The workplace has reconfigured over past decades from private offices to cubicles, and now the de rigeur open plan schemes are seeing a backlash. It may well be that some people just have a problem with working out of an office — rather than their homes.
Nearly two out of three large companies in the U.S. permit occasional telecommuting, about double the number from 2005, a 2013 study found. But just 33% of major employers allow “regular” telecommuting–just 2% more than what it was in 2005. And the Telework research network found in 2013 that only 2.5% of Americans consider home their primary workplace.
The open source software startup NodeSource has no headquarters and operates virtually using cloud-based tools like Google Hangouts, Slack, and Dropbox. Its CEO Joe McCann calls the work scheme “Distributed by Design,” since they planned it this way from the beginning. NodeSource has about 25 employees, about three quarters of whom are full time, scattered from New York to Austin to San Francisco, and internationally from London to Singapore to Australia. Employees are given Airbnb stipends, and everyone meets up once a year for an all-hands retreat.
McCann has not met them all, which he admits is “super weird,” but he brings up an example of seeing engineers sitting next to each other in an office, wearing headphones while communicating to each other via instant messenger.
“There’s this bullshit myth that you gotta put them in the same room, but they don’t even talk to each other in person.”

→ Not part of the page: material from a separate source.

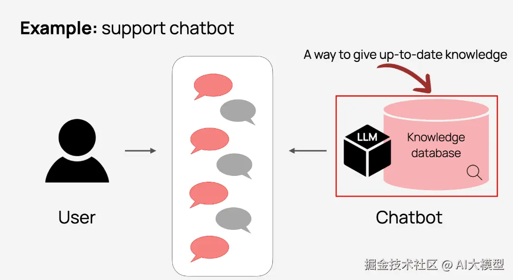 举个例子,对于一家公司的客服机器人,LLM是很难知道这家公司的产品功能、业务逻辑的。相反,RAG系统在用户提出问题时,会检索公司内部的产品或业务文档,将检索到的相关内容交给LLM,由LLM生成最终的答案。
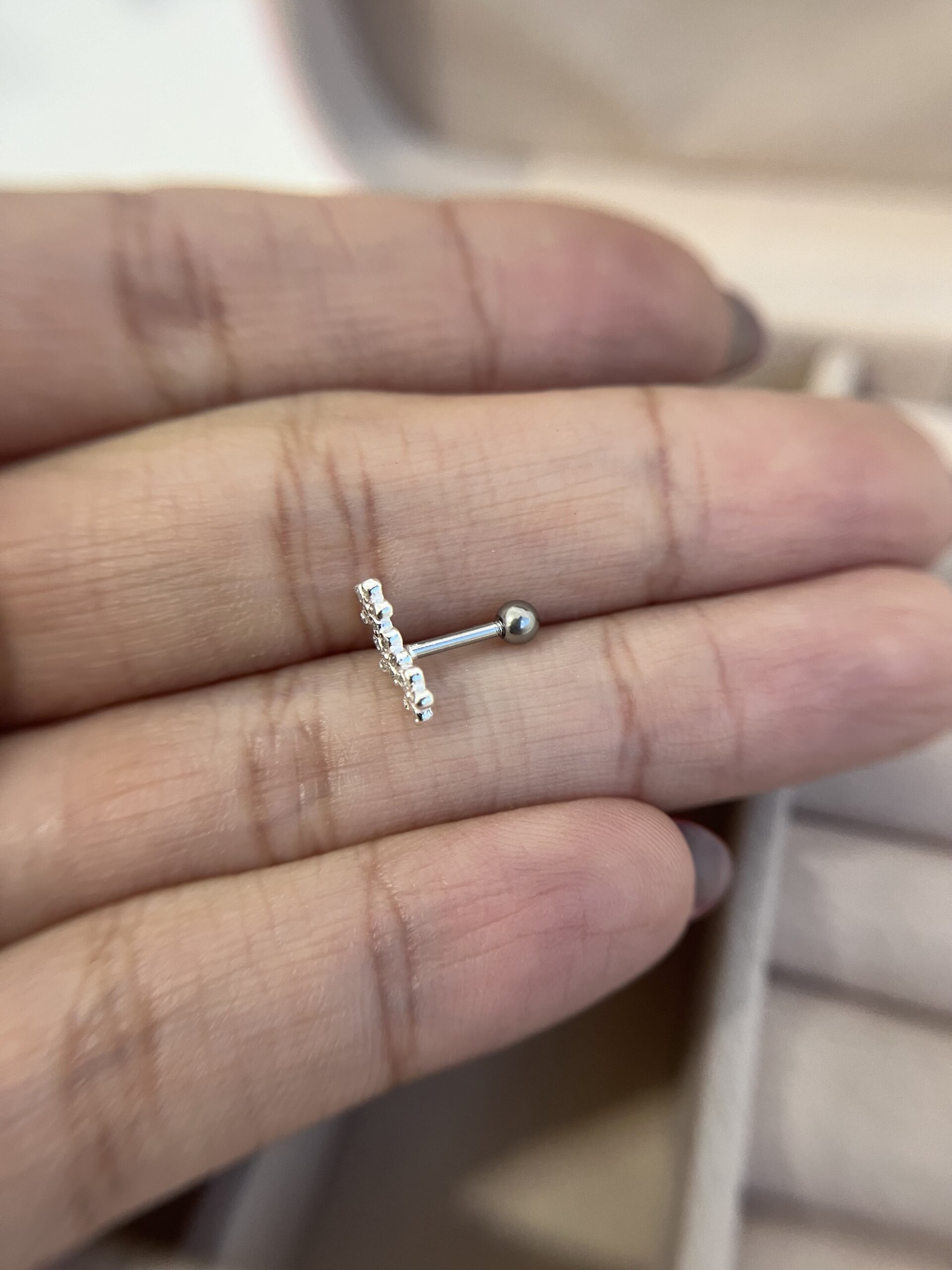 Piercing Conch Cravejado 1 Fileira Zircônias Cristais haste em Aço Inoxidável

McCann tells new hires, “Your job is not important–your life is.” But left on their own, they do take care of business. “We trust them enough to enable them to be great. It’s self-elevating because they feel this level of responsbility and autonomy in their lives–the results have been outstanding. My concern is how does that scale. I don’t know. We’re learning as we grow, but that core philosophy, that your life is the most important thing, has worked tremendously well.”
The idea goes back to McCann himself having a successful stint of working remotely abroad in 2010, and was bolstered when Marissa Mayer took over at Yahoo and began to rein in virtual workers. “When you build your business to be centralized from the ground up, it is nearly impossible to transition to virtual,” he said. But, he adds, “if we build it from the beginning, our natural process from sales to HR would be woven into the way the business was created.”

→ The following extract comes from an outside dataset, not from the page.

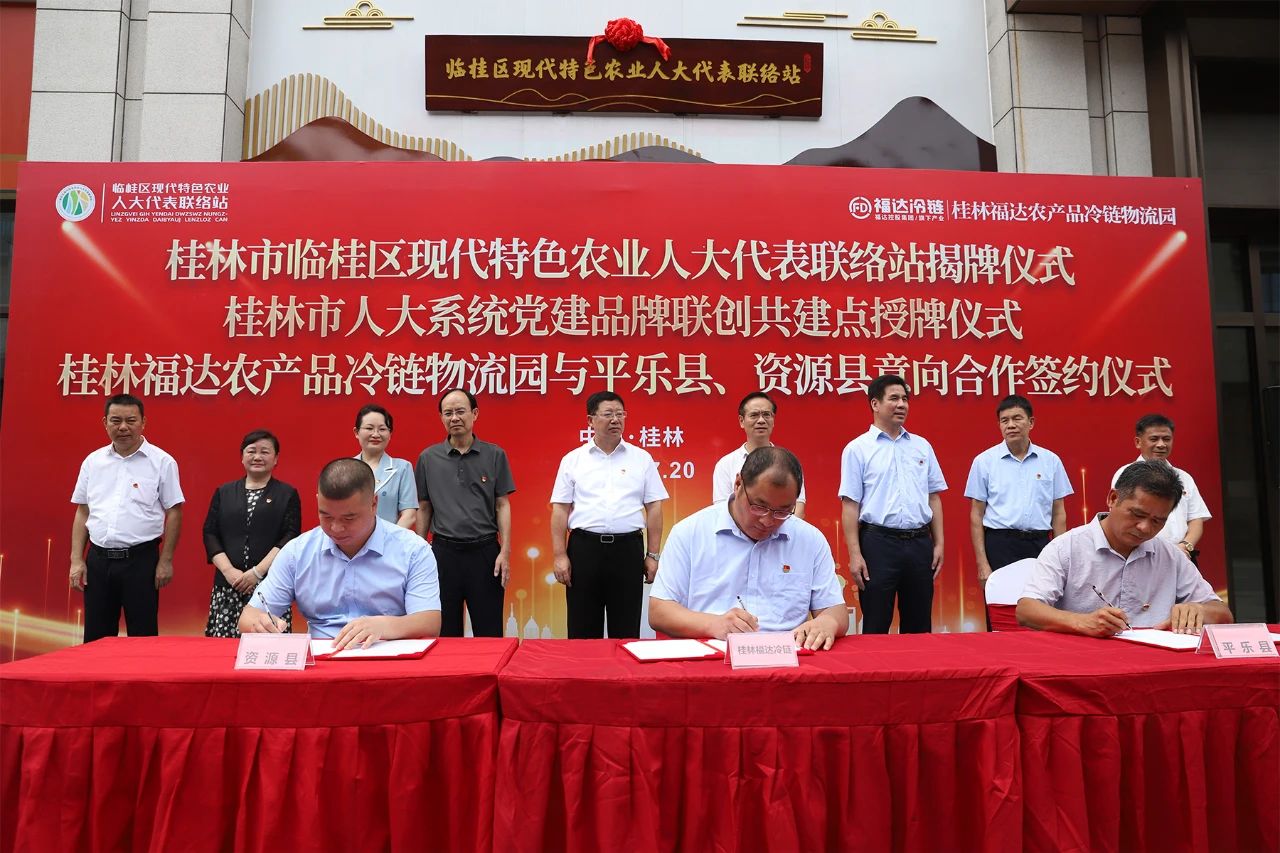 7月20日,桂林市临桂区现代特色农业人大代表联络站揭牌仪式和桂林市人大系统党建品牌联创共建点授牌仪式在桂林福达农产品冷链物流园举行。桂林市人大常委会副主任李滨,桂林市人大常委会机关党委书记、副秘书长郑钧洪,临桂区人大常委会主任易立林,临桂区委副书记谢静,临桂区人大常委会机关党支部书记周汝吉,福达集团党委书记、董事长黎福超出席仪式,桂林市人大、临桂区人大、平乐县人大、资源县人大、福达集团有关部门领导和桂林福达冷链干部员工参加仪式。

While the majority of companies on the distributed teams list are tech firms and startups, McCann sees this scheme working for businesses in the creative communications space, and creative professionals such as writers, design teams, and his brother, who worked for a large fashion design label from beaches in Thailand.
In McCann’s company, the job interview doesn’t even need to be in person. NodeSource recently hired Kevin Stewart as Director of Product Engineering, who McCann called “unpoachable” from Adobe–and whom he has never met in person. “We have a great working relationship, but I never saw the guy.”

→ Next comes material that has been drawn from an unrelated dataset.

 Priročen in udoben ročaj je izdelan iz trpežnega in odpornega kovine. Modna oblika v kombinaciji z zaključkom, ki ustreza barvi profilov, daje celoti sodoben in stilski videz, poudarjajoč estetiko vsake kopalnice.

However, some hires are better done in person–McCann recently traveled to Austin to hire a Vice President of Product. “He was the type I wanted to meet because of his specific role….I need to have that visceral feeling.”
And one department that benefits from meeting in person more often is the management level. McCann said that when meetings are held virtually, “The speed at which we can make decisions as leaders tends to be slower than if we were all in a room together and we can just make decisions.” They’re addressing that currently by tacking on in-person meetings when they gather monthly for board meetings.
Another challenge of distributed teams is scheduling meetings. “It’s a pain in the ass, I’m gonna be honest,” McCann says. “If everybody was in North America, it would be easier. We have an influential gentleman employee in Australia, so every Monday at 6 p.m. when I’d like to be winding down my day I have to have a very focused call. You end up iterating different ways until everyone gets comfortable. We use UberConference, which lets you record when everyone can’t make the meeting, which gets used heavily.”
Despite those challenges, McCann says “Distributed by Design” is working. “We’re going to have to uncondition our brains–this is somewhat of an experiment that we’re succeeding at so far.”